One potential flash point between the parties is a provision that would change the criteria for a school or school district to qualify for community eligibility status that allows free school meals for all enrolled students. Currently, 40% of students in a school or school district must be poor enough to qualify for free lunches and breakfasts. The draft bill would set the threshold at 25% to qualify for community eligibility.

The House Republican majority in 2016 moved a child nutrition bill through the committee, then known as the Education and the Workforce Committee, that would have raised the threshold for community eligibility to 60% of students qualifying for free meals.

The Senate Agriculture Committee also reported out a bipartisan child nutrition reauthorization bill that year that made modest changes to policies such as school meal nutrition standards. Neither bill got a floor vote.

Democrats say the expanded school eligibility is needed to feed more children in communities with high poverty rates. Republicans may see the proposed change as a back-door effort to return to universal free meals that many schools provided under pandemic waivers.

Rep. Virginia Foxx, R-N.C., the full committee’s ranking member, hinted at Republican opposition to the expanded eligibility in June when she applauded Senate Republicans for forcing the removal of language from a bill that would have continued free meals for children who qualified by income for reduced price school meals. The bill continued flexibility for summer feeding programs for children this summer and increased per meal reimbursement rates to school food providers to address inflation for the 2022-23 school year.

Foxx said removing the provision represented a return to pre-pandemic normalcy.

The draft legislation this year also would increase reimbursements for meals served in the schools. If approved, the changes would take effect after July 1, 2023.

Lawmakers may also spar over a provision in the draft that would make it easier for children to qualify for free or reduced price meals if they are enrolled in Medicaid health care or who would be eligible because they receive adoption assistance, Social Security income or guardianship aid. The Medicaid eligibility program is currently a pilot program.

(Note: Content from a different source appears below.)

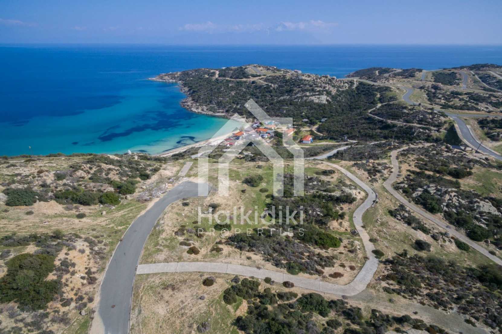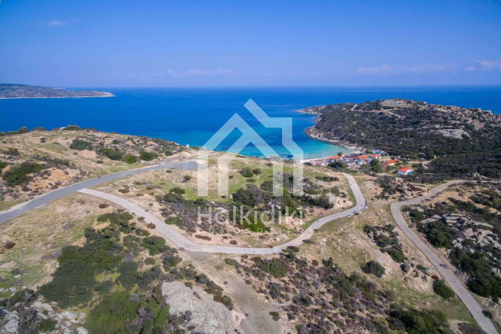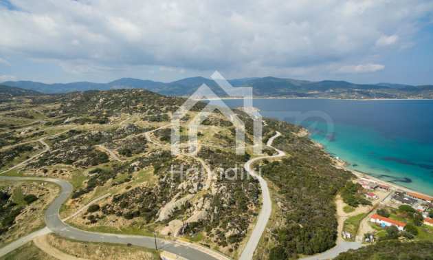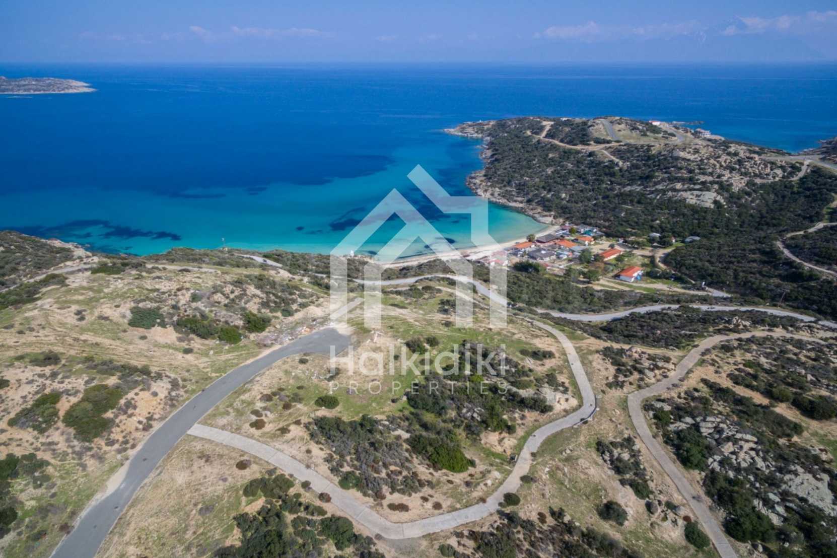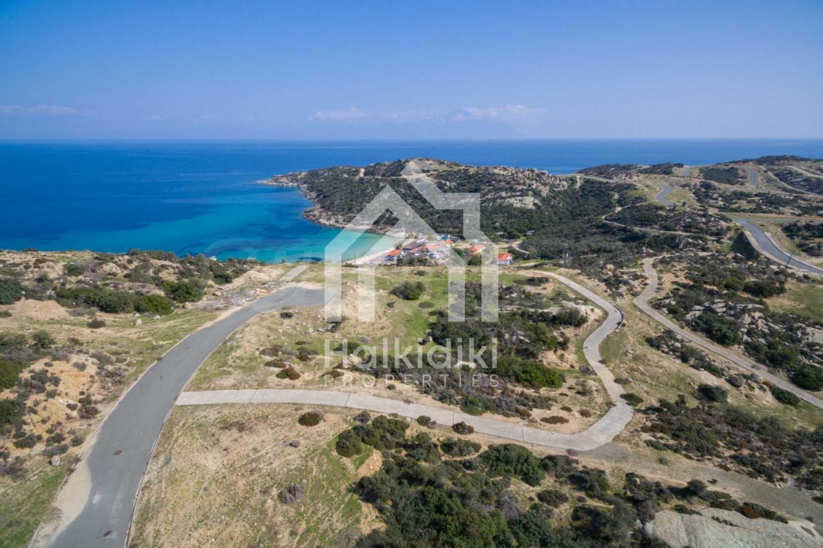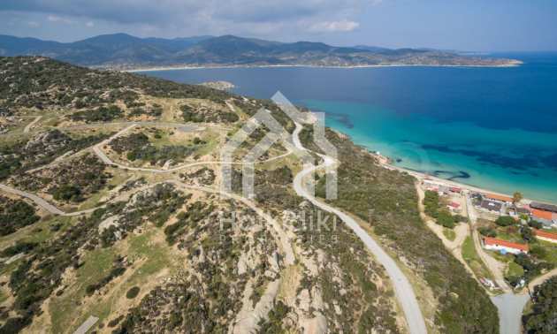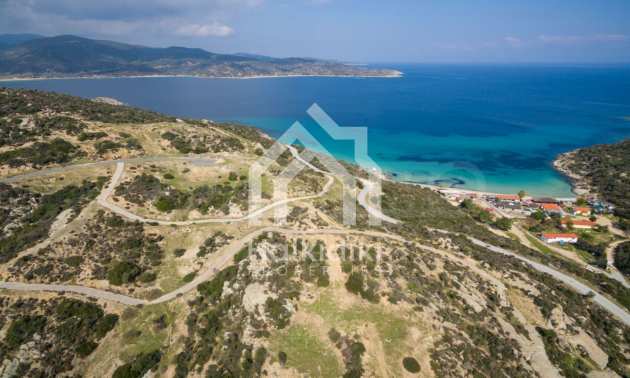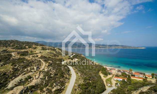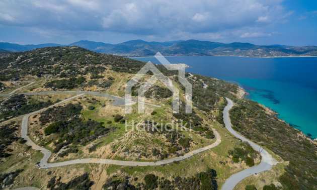 Corner,slanted plot,500 m², in Sithonia,Halkidiki with unobstructed permanent view and with an eastern orientation.The property is only 100m. away from a beautiful beach and faces the main road.The plot is complete and buildable(120m² can be built).The property is perfect for the construction of a villa.

The draft bill also would make changes to the Women, Infants and Children, or WIC, supplemental nutrition program by expanding eligibility to children until their sixth birthday or the day they start attending full-day kindergarten, whichever occurs first. The cutoff age now is a child’s fifth birthday or the date they begin full-day kindergarten.

Anti-hunger advocates and lawmakers have sought the change for several years.

Applicants for WIC or people recertifying their eligibility for the program could also do so by phone or video appointment under the draft legislation. State agencies would be able to issue benefits electronically. The proposal would make permanent the use of alternatives to in-person certifications that were adopted during the height of the pandemic.

The legislation would authorize $90 million per fiscal year to upgrade technology and communications equipment at WIC clinics.

Brian Dittmeier, public policy senior director at the National WIC Association, said the Agriculture Department’s flexibility in this area made the program more client-friendly and workable.

“Remote certification and appointment options have upended a nearly decade-long trend of declining child participation, demonstrating that more flexible services can enhance WIC’s reach and amplify WIC’s public health impact,” Dittmeier said in a statement.

The House markup comes just before the August recess, which means any House floor action would occur in the fall, a time of dwindling legislative days in both chambers. The big question still to be answered is whether Congress can find time to finalize reauthorization.

Senate Agriculture Chairwoman Debbie Stabenow, D-Mich., and ranking member John Boozman, R-Ark., have been in talks for a child nutrition reauthorization bill but have not released legislation.